I want to flatten a series of fisheye images by remapping them to a rectinlinear projection.


To achieve this, I need to be able to remap the pixels of the image using fisheye correction formulas for the x-, and y-coordinates. How can I achieve this? I have found this question and this question but I wonder how to use this for fisheye correction.


So far I've tried to use ImageTransformation for this, but I can't get the function to work properly.

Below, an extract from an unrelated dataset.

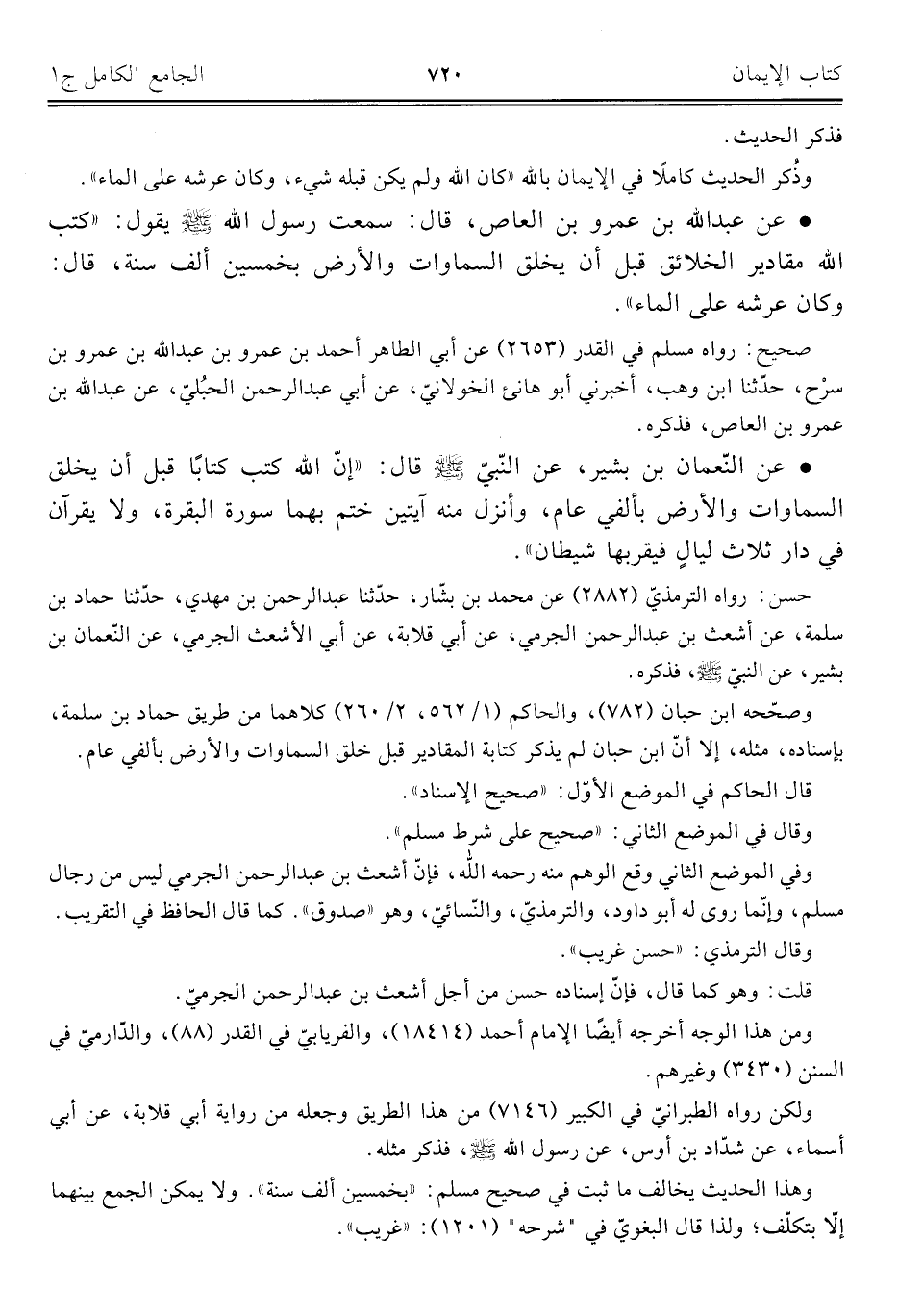 وصحّحه ابن حبان (٧٨٢)، والحاكم (١/ ٥٦٢، ٢/ ٢٦٠) كلاهما من طريق حماد بن سلمة، بإسناده، مثله، إلا أنّ ابن حبان لم يذكر كتابة المقادير قبل خلق السماوات والأرض بألفي عام.

  f[pt_] := With[{s = {.5, .5}},
  Module[{rd, polarcoor, ru, newcoor},
   rd = Norm[pt - s]^2/Norm[s];
   polarcoor = 
    CoordinateTransform[{"Cartesian" -> "Polar", 2}, (pt - s)];
   ru = 1*Tan[2*ArcSin[((polarcoor[[1]])/(2*1))]];
   CoordinateTransform["Polar" -> "Cartesian", {ru, polarcoor[[2]]}]
   ]
  ]
ImageTransformation[image,f]


This should first translate the image coordinates to polar coordinates, then calculate the new r (ru=r undistorted), and than translate these back to cartesian coordinates. The ru = 1*Tan[2*ArcSin[((polarcoor[[1]])/(2*1))]] is based on the above links, with a random value chosen as f. It fi


I get an error message, saying the function doesn't map. Anyone have an idea how to fix this and any further suggestions on how to improve the code?


Example fisheye image


Update 2 22-10-2013 Changed the code to:


image = Import["http://i.stack.imgur.com/JDX9f.jpg"];
r[pt_] := Module[{rd, ru, polarcoor, a},
  rd = Norm[pt];
  ru = *Transformation formula* 
  a = ArcTan @@ (pt);

  ru {Cos[a], Sin[a]}
  ]

Using ru = Sqrt[rd]; ImageTransformation[image, r, DataRange -> {{-1, 1}, {-1, 1}}] gives enter image description here


Using ru = ArcTan[rd]; ImageTransformation[image, r, DataRange -> {{-2, 2}, {-2, 2}}] gives enter image description here


Both look like a step in the right direction, with straightened lines, but I got them by trial-and-error so I don't know the correctness.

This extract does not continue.